**Instructions for the task**
Leaving out the images, transcribe every record below exactly.

**Data extract**
──────────────────────────────

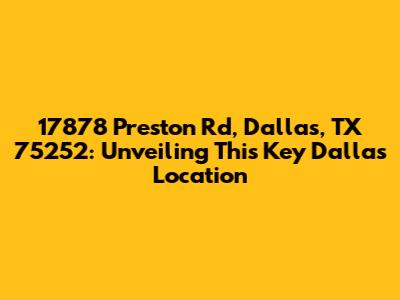 Alright, guys, let’s dive into everything you need to know about 17878 Preston Rd, Dallas, TX 75252. This isn't just some random address; it's a spot with significance, whether you're looking to visit, send mail, or just curious about what's there. We're going to break down exactly why this location is worth knowing about, providing a detailed overview that covers its importance, what kind of businesses or services you might find, and how it connects to the broader Dallas area. Understanding the details of an address like this can be super helpful for navigating the city, finding specific resources, or even just impressing your friends with your Dallas knowledge. So, let’s get started and uncover all the interesting facets of 17878 Preston Rd. Think of this address as a key point in a larger map, with each detail contributing to a fuller picture of Dallas. The convenience and accessibility of this location make it a notable spot for residents and visitors alike. Its placement along Preston Road, a major thoroughfare, ensures that it's easily reachable and well-connected to other parts of the city. This connectivity is a major factor in why businesses thrive here and why it remains a crucial point of interest for many.
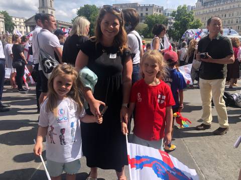 Earlier, before the players took to the stage, people gathered at a sun-drenched Trafalgar Square. Sharon Langdon-Bailey, 43, brought her six-year-old daughter, Holly, with her. The illustrator, originally from Liverpool but who lives in Essex, told The Independent: “I think we’re very excited to see women in football being exceptional… This is just to show my little girl that whatever she dreams is possible.”
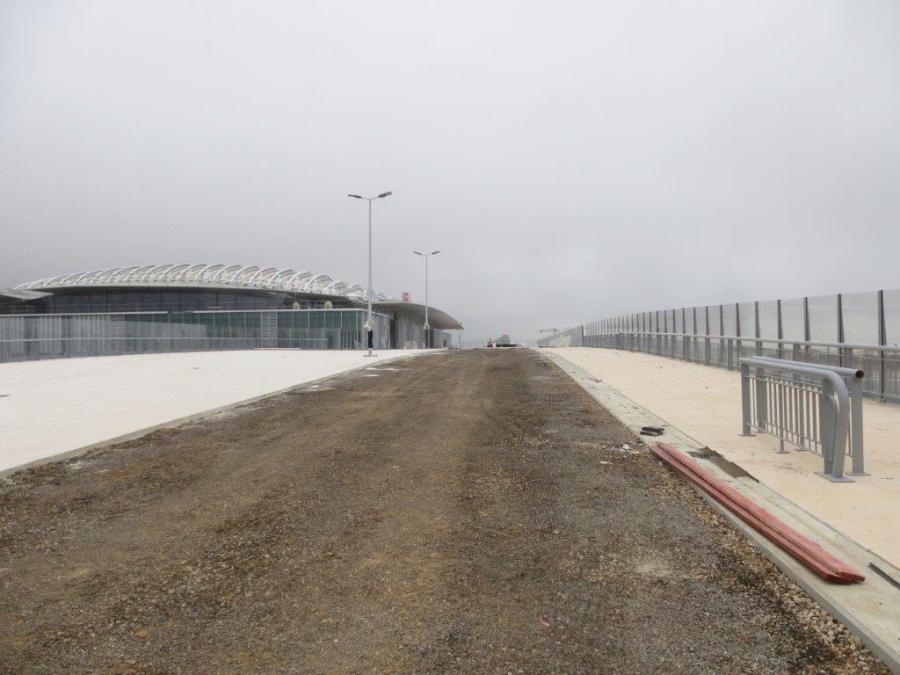 Voie d’accès au parvis supérieur de la future gare TGV Montpellier Sud de France photographiée le dimanche 9 juillet 2017. Copyright : Michel Bozzola
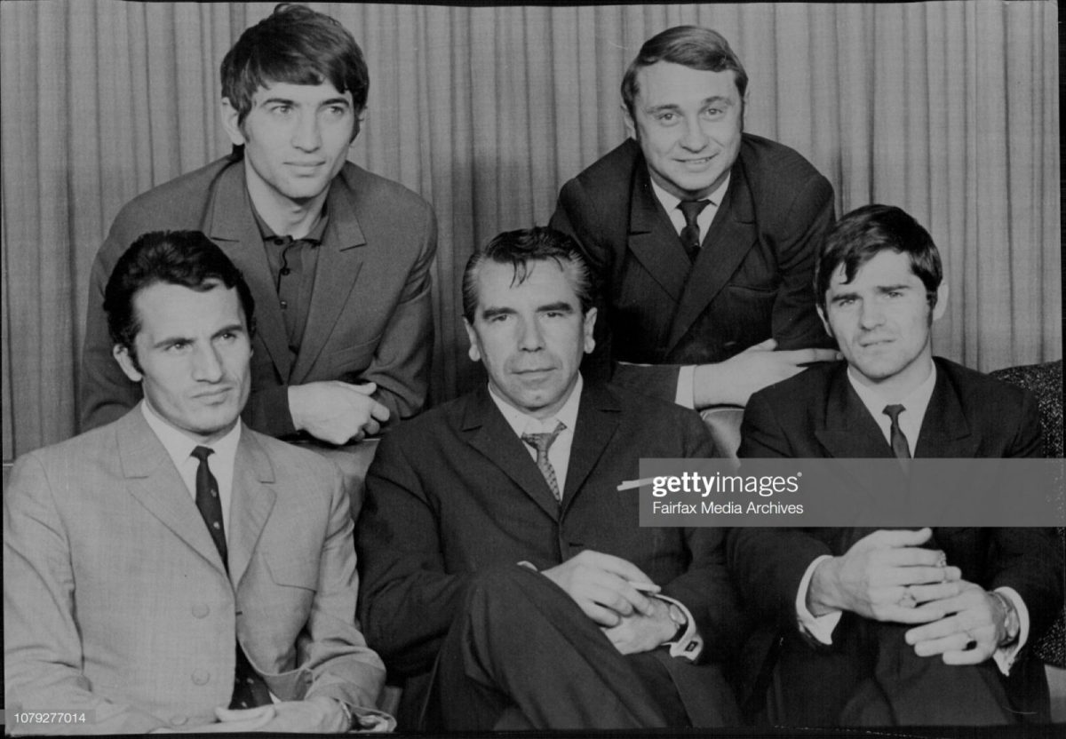 Romanian National Soccer team pictured after their arrival in Sydney today. (Left to right from row) Ivancescu Mihai (Capt), Mardarascu Vintila (coach), Pescaru Nicolae. Back row Anca Dan, Antonescu Dumitru. January 01, 1970. (Photo by Barry James Gilmour/Fairfax Media via Getty Images).
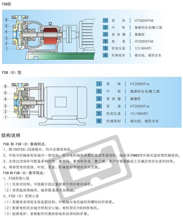 FSB和FSB-D型離心泵,過流部件全部采用氟塑料合金制造結(jié)構(gòu)緊湊、操作簡單、價(jià)格低廉。兩種型號(hào)的泵殼、葉輪、機(jī)封等均可互換使用,深受農(nóng)藥、電子、造紙等行業(yè)的歡迎。
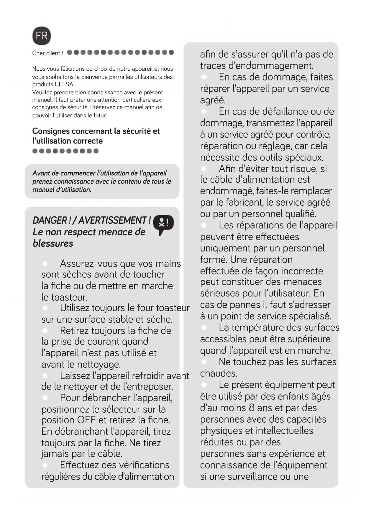 The toaster oven walls and the glass door can be cleaned with a damp cloth or with an oven cleaner product. Do not use harsh detergents or abrasive cleaning agents. Do not use steel or wool scouring pads, abrasivecleaners or scrap the walls with a metal utensils, as all of these methods may damage the porcelain enamel coating. Disposal Dispose of packaging in an environmentally-friendly manner. Our goods come in optimised packaging. This basically consists in using non-contaminating materials which should be handed over to the local waste disposal service as secondary raw materials. This appliance is labelled in accordance with European Directive 2012/19/EU concerning used electrical and electronic appliances (waste electrical and electronic equipment – WEEE). The guideline determines the framework for the return and recycling of used appliances as applicable throughout the EU. Please ask your specialist retailer about current disposal facilities. The manufacturer does not accept any liability for any damages resulting from unintended use or inappropriate handling. The manufacturer reserves his right to modify the product any time in order to adjust it to the law, standards, directives, or due to construction, trade, aesthetic or other reasons, without prior notice.Cher client ! Nous vous félicitions du choix de notre appareil et nous vous souhaitons la bienvenue parmi les utilisateurs des produits UFESA. Veuillez prendre bien connaissance avec le présent manuel. Il faut prêter une attention particulière aux consignes de sécurité. Préservez ce manuel afin de pouvoir l’utiliser dans le futur. Consignes concernant la sécurité et l’utilisation correcte Avant de commencer l’utilisation de l’appareil prenez connaissance avec le contenu de tous le manuel d’utilisation. DANGER ! / AVERTISSEMENT ! Le non respect menace de blessures ● Assurez-vous que vos mains sont sèches avant de toucher la fiche ou de mettre en marche le toasteur. ● Utilisez toujours le four toasteur sur une surface stable et sèche. ● Retirez toujours la fiche de la prise de courant quand l’appareil n’est pas utilisé et avant le nettoyage. ● Laissez l’appareil refroidir avant de le nettoyer et de l’entreposer. ● Pour débrancher l’appareil, positionnez le sélecteur sur la position OFF et retirez la fiche. En débranchant l’appareil, tirez toujours par la fiche. Ne tirez jamais par le câble. ● Eectuez des vérifications régulières du câble d’alimentation afin de s’assurer qu’il n’a pas de traces d’endommagement. ● En cas de dommage, faites réparer l’appareil par un service agréé. ● En cas de défaillance ou de dommage, transmettez l’appareil à un service agréé pour contrôle, réparation ou réglage, car cela nécessite des outils spéciaux. ● Afin d’éviter tout risque, si le câble d’alimentation est endommagé, faites-le remplacer par le fabricant, le service agréé ou par un personnel qualifié. ● Les réparations de l’appareil peuvent être eectuées uniquement par un personnel formé. Une réparation eectuée de façon incorrecte peut constituer des menaces sérieuses pour l’utilisateur. En cas de pannes il faut s’adresser à un point de service spécialisé. ● La température des surfaces accessibles peut être supérieure quand l’appareil est en marche. ● Ne touchez pas les surfaces chaudes. ● Le présent équipement peut être utilisé par des enfants âgés d’au moins 8 ans et par des personnes avec des capacités physiques et intellectuelles réduites ou par des personnes sans expérience et connaissance de l’équipement si une surveillance ou une FRformation en ce qui concerne l’utilisation de l’équipement de façon sûre et l’explication compréhensible des dangers possibles qu’y sont liés, seront assurées. Les enfants ne devraient pas jouer avec l’équipement. Le nettoyage de l’appareil et la réalisation d’activités de maintenance ne devraient pas être eectués par des enfants, à moins qu’ils n’aient fini leurs 8 ans et une surveillance appropriée sur eux soit assurée. ● L’appareil avec le câble d’alimentation doit être entreposé dans un endroit inaccessible aux enfants âgés de moins de 8 ans. ● Ne jamais plonger l’appareil ni le câble d’alimentation dans de l’eau ou un autre liquide. ● N’utilisez jamais d’appareils avec un câble ou une fiche endommagés, après l’apparition d’un fonctionnement défectueux ou s’ils ont été endommagés de quelconque façon. ● L’appareil génère de la chaleur au cours du travail. Des mesures de prudence appropriées doivent être respectées afin de prévenir le risque de carbonisation, de brûlure, d’incendie ou d’une autre lésion du corps et d’endommagement d’objets dû au contact avec les surfaces externes lors de l’utilisation de l’appareil ou de son refroidissement. ● Utilisez la poignée de porte pour ouvrir ou fermer la porte du four. ● Utilisez la poignée pour introduire ou retirer la plaque du four. ● Soyez très prudent en retirant la plaque ou en éliminant l’huile chaude de la plaque. ● Ne placez jamais les matières suivantes sur l’appareil : carton, plastique, papier, bougie, matières inflammables. ● Ne placez pas d’objets lourds sur la porte ouverte. ● Evitez les projections d’eau sur la vitre lors de l’utilisation de l’appareil ou juste après. Lavitre peut se briser. ● N’utiliser l’appareil que dans des pièces intérieures àtempérature ambiante et jusqu’à 2000 m au-dessus du niveau de la mer. ● – La température des surfaces accessibles peut être supérieure quand l’appareil est en marche. Ne touchez pas la surface avec le symbole.Construction du toasteur
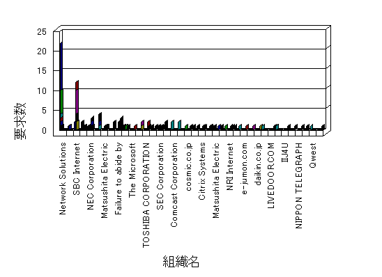 組織ユーザーにインターネット接続を提供する、商用または非営利団体、学術・行政機関などの、インターネット ドメイン で識別される団体や組織です。Microsoft Site Server Analysis は同じ組織に登録されたすべてのドメインを 1 つの組織としてグループ化します。ドメインがデータベースで使用できない場合は、1 つのインターネット ドメインが 1 つの組織を識別するのに使用されます。

──────────────────────────────

**Exercise result**
 Alright, guys, let’s dive into everything you need to know about 17878 Preston Rd, Dallas, TX 75252. This isn't just some random address; it's a spot with significance, whether you're looking to visit, send mail, or just curious about what's there. We're going to break down exactly why this location is worth knowing about, providing a detailed overview that covers its importance, what kind of businesses or services you might find, and how it connects to the broader Dallas area. Understanding the details of an address like this can be super helpful for navigating the city, finding specific resources, or even just impressing your friends with your Dallas knowledge. So, let’s get started and uncover all the interesting facets of 17878 Preston Rd. Think of this address as a key point in a larger map, with each detail contributing to a fuller picture of Dallas. The convenience and accessibility of this location make it a notable spot for residents and visitors alike. Its placement along Preston Road, a major thoroughfare, ensures that it's easily reachable and well-connected to other parts of the city. This connectivity is a major factor in why businesses thrive here and why it remains a crucial point of interest for many.
 Earlier, before the players took to the stage, people gathered at a sun-drenched Trafalgar Square. Sharon Langdon-Bailey, 43, brought her six-year-old daughter, Holly, with her. The illustrator, originally from Liverpool but who lives in Essex, told The Independent: “I think we’re very excited to see women in football being exceptional… This is just to show my little girl that whatever she dreams is possible.”
 Voie d’accès au parvis supérieur de la future gare TGV Montpellier Sud de France photographiée le dimanche 9 juillet 2017. Copyright : Michel Bozzola
 Romanian National Soccer team pictured after their arrival in Sydney today. (Left to right from row) Ivancescu Mihai (Capt), Mardarascu Vintila (coach), Pescaru Nicolae. Back row Anca Dan, Antonescu Dumitru. January 01, 1970. (Photo by Barry James Gilmour/Fairfax Media via Getty Images).
 FSB和FSB-D型離心泵,過流部件全部采用氟塑料合金制造結(jié)構(gòu)緊湊、操作簡單、價(jià)格低廉。兩種型號(hào)的泵殼、葉輪、機(jī)封等均可互換使用,深受農(nóng)藥、電子、造紙等行業(yè)的歡迎。
 The toaster oven walls and the glass door can be cleaned with a damp cloth or with an oven cleaner product. Do not use harsh detergents or abrasive cleaning agents. Do not use steel or wool scouring pads, abrasivecleaners or scrap the walls with a metal utensils, as all of these methods may damage the porcelain enamel coating. Disposal Dispose of packaging in an environmentally-friendly manner. Our goods come in optimised packaging. This basically consists in using non-contaminating materials which should be handed over to the local waste disposal service as secondary raw materials. This appliance is labelled in accordance with European Directive 2012/19/EU concerning used electrical and electronic appliances (waste electrical and electronic equipment – WEEE). The guideline determines the framework for the return and recycling of used appliances as applicable throughout the EU. Please ask your specialist retailer about current disposal facilities. The manufacturer does not accept any liability for any damages resulting from unintended use or inappropriate handling. The manufacturer reserves his right to modify the product any time in order to adjust it to the law, standards, directives, or due to construction, trade, aesthetic or other reasons, without prior notice.Cher client ! Nous vous félicitions du choix de notre appareil et nous vous souhaitons la bienvenue parmi les utilisateurs des produits UFESA. Veuillez prendre bien connaissance avec le présent manuel. Il faut prêter une attention particulière aux consignes de sécurité. Préservez ce manuel afin de pouvoir l’utiliser dans le futur. Consignes concernant la sécurité et l’utilisation correcte Avant de commencer l’utilisation de l’appareil prenez connaissance avec le contenu de tous le manuel d’utilisation. DANGER ! / AVERTISSEMENT ! Le non respect menace de blessures ● Assurez-vous que vos mains sont sèches avant de toucher la fiche ou de mettre en marche le toasteur. ● Utilisez toujours le four toasteur sur une surface stable et sèche. ● Retirez toujours la fiche de la prise de courant quand l’appareil n’est pas utilisé et avant le nettoyage. ● Laissez l’appareil refroidir avant de le nettoyer et de l’entreposer. ● Pour débrancher l’appareil, positionnez le sélecteur sur la position OFF et retirez la fiche. En débranchant l’appareil, tirez toujours par la fiche. Ne tirez jamais par le câble. ● Eectuez des vérifications régulières du câble d’alimentation afin de s’assurer qu’il n’a pas de traces d’endommagement. ● En cas de dommage, faites réparer l’appareil par un service agréé. ● En cas de défaillance ou de dommage, transmettez l’appareil à un service agréé pour contrôle, réparation ou réglage, car cela nécessite des outils spéciaux. ● Afin d’éviter tout risque, si le câble d’alimentation est endommagé, faites-le remplacer par le fabricant, le service agréé ou par un personnel qualifié. ● Les réparations de l’appareil peuvent être eectuées uniquement par un personnel formé. Une réparation eectuée de façon incorrecte peut constituer des menaces sérieuses pour l’utilisateur. En cas de pannes il faut s’adresser à un point de service spécialisé. ● La température des surfaces accessibles peut être supérieure quand l’appareil est en marche. ● Ne touchez pas les surfaces chaudes. ● Le présent équipement peut être utilisé par des enfants âgés d’au moins 8 ans et par des personnes avec des capacités physiques et intellectuelles réduites ou par des personnes sans expérience et connaissance de l’équipement si une surveillance ou une FRformation en ce qui concerne l’utilisation de l’équipement de façon sûre et l’explication compréhensible des dangers possibles qu’y sont liés, seront assurées. Les enfants ne devraient pas jouer avec l’équipement. Le nettoyage de l’appareil et la réalisation d’activités de maintenance ne devraient pas être eectués par des enfants, à moins qu’ils n’aient fini leurs 8 ans et une surveillance appropriée sur eux soit assurée. ● L’appareil avec le câble d’alimentation doit être entreposé dans un endroit inaccessible aux enfants âgés de moins de 8 ans. ● Ne jamais plonger l’appareil ni le câble d’alimentation dans de l’eau ou un autre liquide. ● N’utilisez jamais d’appareils avec un câble ou une fiche endommagés, après l’apparition d’un fonctionnement défectueux ou s’ils ont été endommagés de quelconque façon. ● L’appareil génère de la chaleur au cours du travail. Des mesures de prudence appropriées doivent être respectées afin de prévenir le risque de carbonisation, de brûlure, d’incendie ou d’une autre lésion du corps et d’endommagement d’objets dû au contact avec les surfaces externes lors de l’utilisation de l’appareil ou de son refroidissement. ● Utilisez la poignée de porte pour ouvrir ou fermer la porte du four. ● Utilisez la poignée pour introduire ou retirer la plaque du four. ● Soyez très prudent en retirant la plaque ou en éliminant l’huile chaude de la plaque. ● Ne placez jamais les matières suivantes sur l’appareil : carton, plastique, papier, bougie, matières inflammables. ● Ne placez pas d’objets lourds sur la porte ouverte. ● Evitez les projections d’eau sur la vitre lors de l’utilisation de l’appareil ou juste après. Lavitre peut se briser. ● N’utiliser l’appareil que dans des pièces intérieures àtempérature ambiante et jusqu’à 2000 m au-dessus du niveau de la mer. ● – La température des surfaces accessibles peut être supérieure quand l’appareil est en marche. Ne touchez pas la surface avec le symbole.Construction du toasteur
 組織ユーザーにインターネット接続を提供する、商用または非営利団体、学術・行政機関などの、インターネット ドメイン で識別される団体や組織です。Microsoft Site Server Analysis は同じ組織に登録されたすべてのドメインを 1 つの組織としてグループ化します。ドメインがデータベースで使用できない場合は、1 つのインターネット ドメインが 1 つの組織を識別するのに使用されます。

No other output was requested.